Problem to work on: Could you set down exactly the lines of the data below, starting at the one that holds "É um modelo" and ending at the one that holds "另有配套的:消防頭盔、腰帶、消防靴、消防手頭和呼吸器。材質:PVC復合布。", both included, and only those?

Stored dataset items:
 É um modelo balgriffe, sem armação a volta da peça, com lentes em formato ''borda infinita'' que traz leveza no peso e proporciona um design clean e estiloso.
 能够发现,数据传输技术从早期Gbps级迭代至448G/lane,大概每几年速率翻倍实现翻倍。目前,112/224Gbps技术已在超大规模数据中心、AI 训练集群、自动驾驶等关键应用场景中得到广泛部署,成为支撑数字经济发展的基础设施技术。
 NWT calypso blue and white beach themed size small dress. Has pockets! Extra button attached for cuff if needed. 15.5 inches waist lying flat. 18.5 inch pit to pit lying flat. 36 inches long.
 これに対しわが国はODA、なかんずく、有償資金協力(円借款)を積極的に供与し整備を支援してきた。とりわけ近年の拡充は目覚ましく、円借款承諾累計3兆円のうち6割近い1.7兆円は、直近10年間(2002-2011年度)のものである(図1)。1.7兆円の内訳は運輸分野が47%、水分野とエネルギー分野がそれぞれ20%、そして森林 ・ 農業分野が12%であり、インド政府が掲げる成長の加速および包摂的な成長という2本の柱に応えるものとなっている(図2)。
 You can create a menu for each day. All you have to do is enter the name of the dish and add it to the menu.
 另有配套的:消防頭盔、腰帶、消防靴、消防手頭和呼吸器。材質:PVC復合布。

...

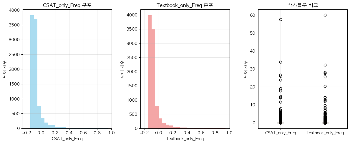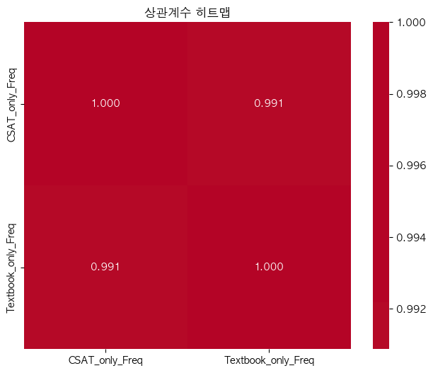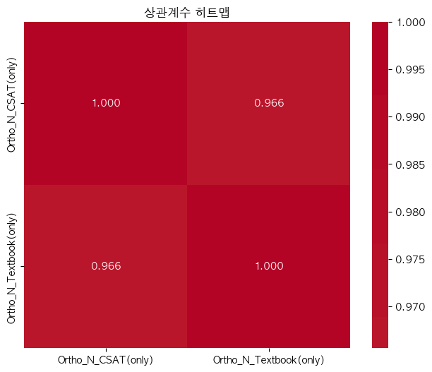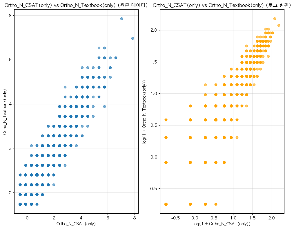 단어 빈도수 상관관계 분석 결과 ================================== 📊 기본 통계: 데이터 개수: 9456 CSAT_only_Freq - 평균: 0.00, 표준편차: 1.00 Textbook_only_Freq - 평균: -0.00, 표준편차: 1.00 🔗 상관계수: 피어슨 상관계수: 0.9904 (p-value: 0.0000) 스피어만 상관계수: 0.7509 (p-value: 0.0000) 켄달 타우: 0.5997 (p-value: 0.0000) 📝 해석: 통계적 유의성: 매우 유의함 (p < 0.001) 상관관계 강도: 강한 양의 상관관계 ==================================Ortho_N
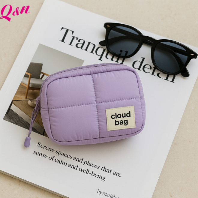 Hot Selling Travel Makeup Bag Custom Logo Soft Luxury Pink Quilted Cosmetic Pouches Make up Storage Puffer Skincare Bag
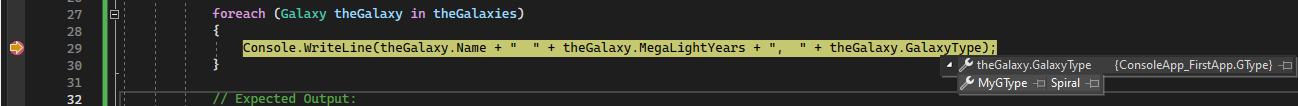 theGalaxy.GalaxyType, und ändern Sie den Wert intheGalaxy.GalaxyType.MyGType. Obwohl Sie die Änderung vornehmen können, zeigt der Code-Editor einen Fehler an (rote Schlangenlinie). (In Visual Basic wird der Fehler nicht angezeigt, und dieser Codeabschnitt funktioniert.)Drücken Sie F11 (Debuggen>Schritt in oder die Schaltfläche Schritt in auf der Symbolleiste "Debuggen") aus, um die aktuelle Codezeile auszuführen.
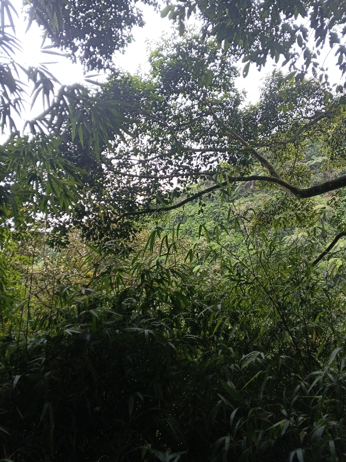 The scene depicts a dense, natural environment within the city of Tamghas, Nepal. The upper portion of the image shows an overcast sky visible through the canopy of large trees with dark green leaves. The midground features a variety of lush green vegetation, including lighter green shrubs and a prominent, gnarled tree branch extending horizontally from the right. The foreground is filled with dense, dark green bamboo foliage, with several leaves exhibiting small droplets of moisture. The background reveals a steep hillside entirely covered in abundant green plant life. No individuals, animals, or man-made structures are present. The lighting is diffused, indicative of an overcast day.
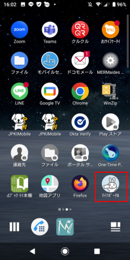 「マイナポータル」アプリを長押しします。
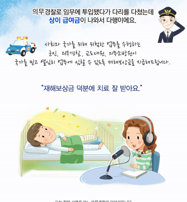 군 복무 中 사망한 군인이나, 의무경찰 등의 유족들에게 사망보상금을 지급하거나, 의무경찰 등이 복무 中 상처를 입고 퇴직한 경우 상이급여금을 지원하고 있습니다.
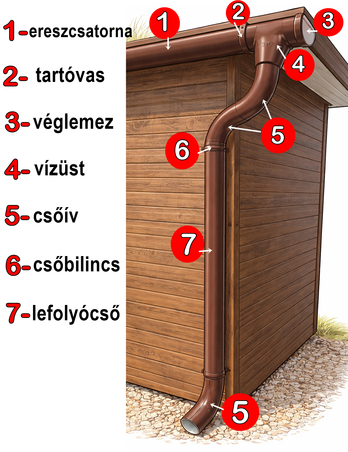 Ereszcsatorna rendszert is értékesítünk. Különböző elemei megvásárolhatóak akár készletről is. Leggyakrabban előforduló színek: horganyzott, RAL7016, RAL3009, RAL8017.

Answer section:
 É um modelo balgriffe, sem armação a volta da peça, com lentes em formato ''borda infinita'' que traz leveza no peso e proporciona um design clean e estiloso.
 能够发现,数据传输技术从早期Gbps级迭代至448G/lane,大概每几年速率翻倍实现翻倍。目前,112/224Gbps技术已在超大规模数据中心、AI 训练集群、自动驾驶等关键应用场景中得到广泛部署,成为支撑数字经济发展的基础设施技术。
 NWT calypso blue and white beach themed size small dress. Has pockets! Extra button attached for cuff if needed. 15.5 inches waist lying flat. 18.5 inch pit to pit lying flat. 36 inches long.
 これに対しわが国はODA、なかんずく、有償資金協力(円借款)を積極的に供与し整備を支援してきた。とりわけ近年の拡充は目覚ましく、円借款承諾累計3兆円のうち6割近い1.7兆円は、直近10年間(2002-2011年度)のものである(図1)。1.7兆円の内訳は運輸分野が47%、水分野とエネルギー分野がそれぞれ20%、そして森林 ・ 農業分野が12%であり、インド政府が掲げる成長の加速および包摂的な成長という2本の柱に応えるものとなっている(図2)。
 You can create a menu for each day. All you have to do is enter the name of the dish and add it to the menu.
 另有配套的:消防頭盔、腰帶、消防靴、消防手頭和呼吸器。材質:PVC復合布。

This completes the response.